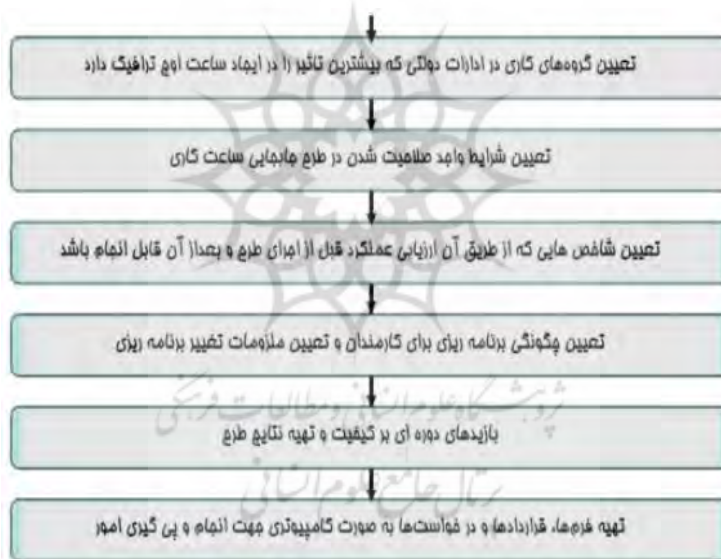
شکل (۵) شکل شماتیک مراحل اجرای روش جابجایی ساعات کاری
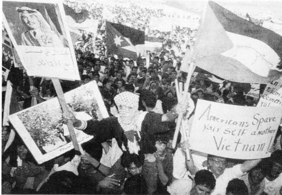
"Norteamericanos ahórrense otro Vietnam". Palestinos en Jordania se manifiestan contra las maniobras de guerra de Estados Unidos. Las amenazas contra Irak han desatado protestas masivas de parte de los pueblos árabes.

En 1979, el pueblo iraní derrocó la monarquía de los Pahlevi por medio de una masiva movilización revolucionaria despedazando un pilar central para la estabilidad imperialista. Las monarquías saudita y kuwaití se volvieron más importantes aún para los imperialistas.
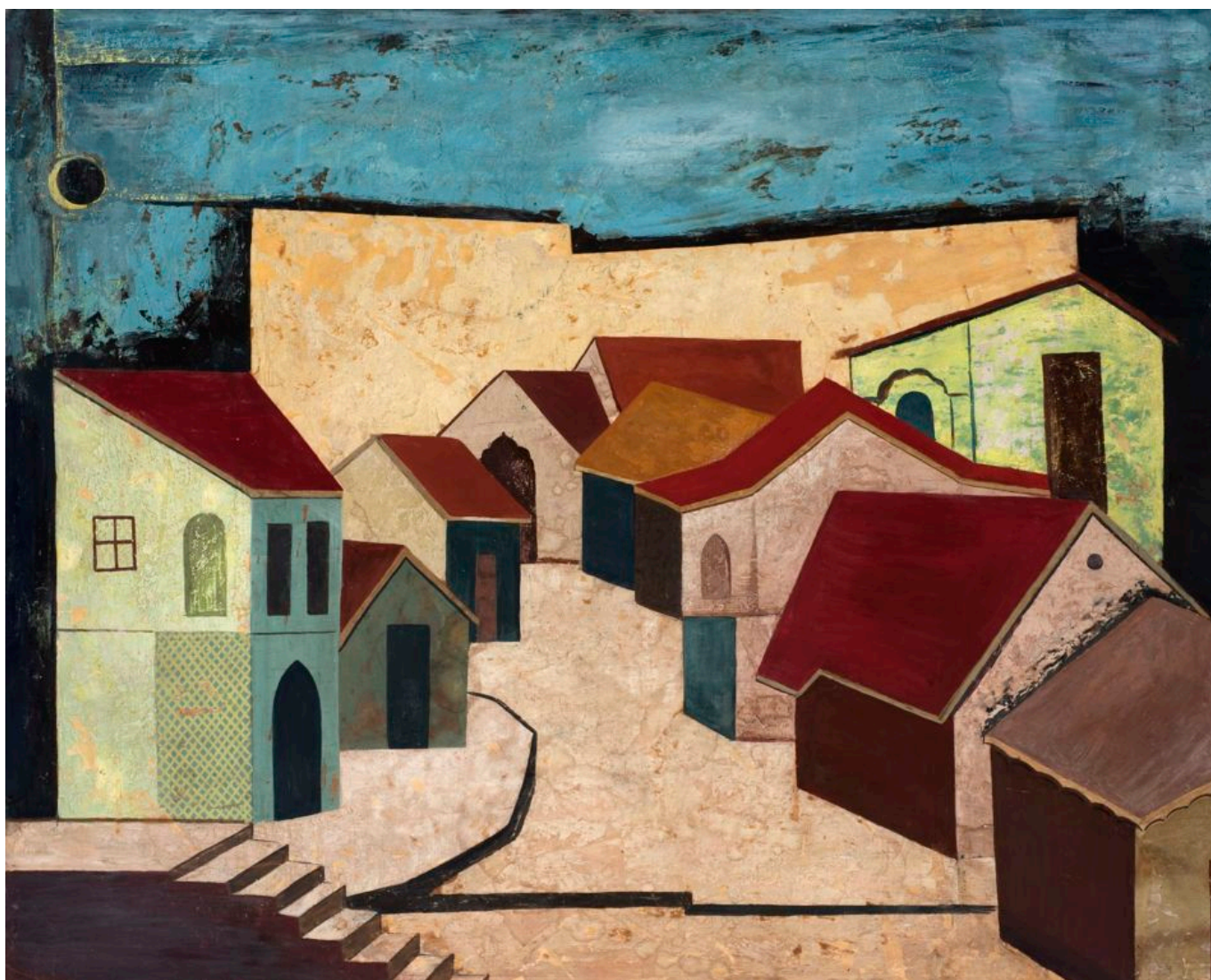
Ali Imam (Paquistão), Sem título (Deserted Town with a Black Sun) , 1956.
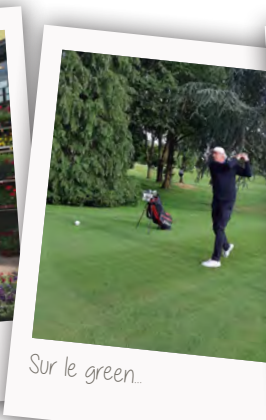
Sur le green...

########################################

● **Exercise**
Could you print all of the entries exactly, skipping the images?

● **Finished task**
شکل (۵) شکل شماتیک مراحل اجرای روش جابجایی ساعات کاری
"Norteamericanos ahórrense otro Vietnam". Palestinos en Jordania se manifiestan contra las maniobras de guerra de Estados Unidos. Las amenazas contra Irak han desatado protestas masivas de parte de los pueblos árabes.

En 1979, el pueblo iraní derrocó la monarquía de los Pahlevi por medio de una masiva movilización revolucionaria despedazando un pilar central para la estabilidad imperialista. Las monarquías saudita y kuwaití se volvieron más importantes aún para los imperialistas.
Ali Imam (Paquistão), Sem título (Deserted Town with a Black Sun) , 1956.
Sur le green...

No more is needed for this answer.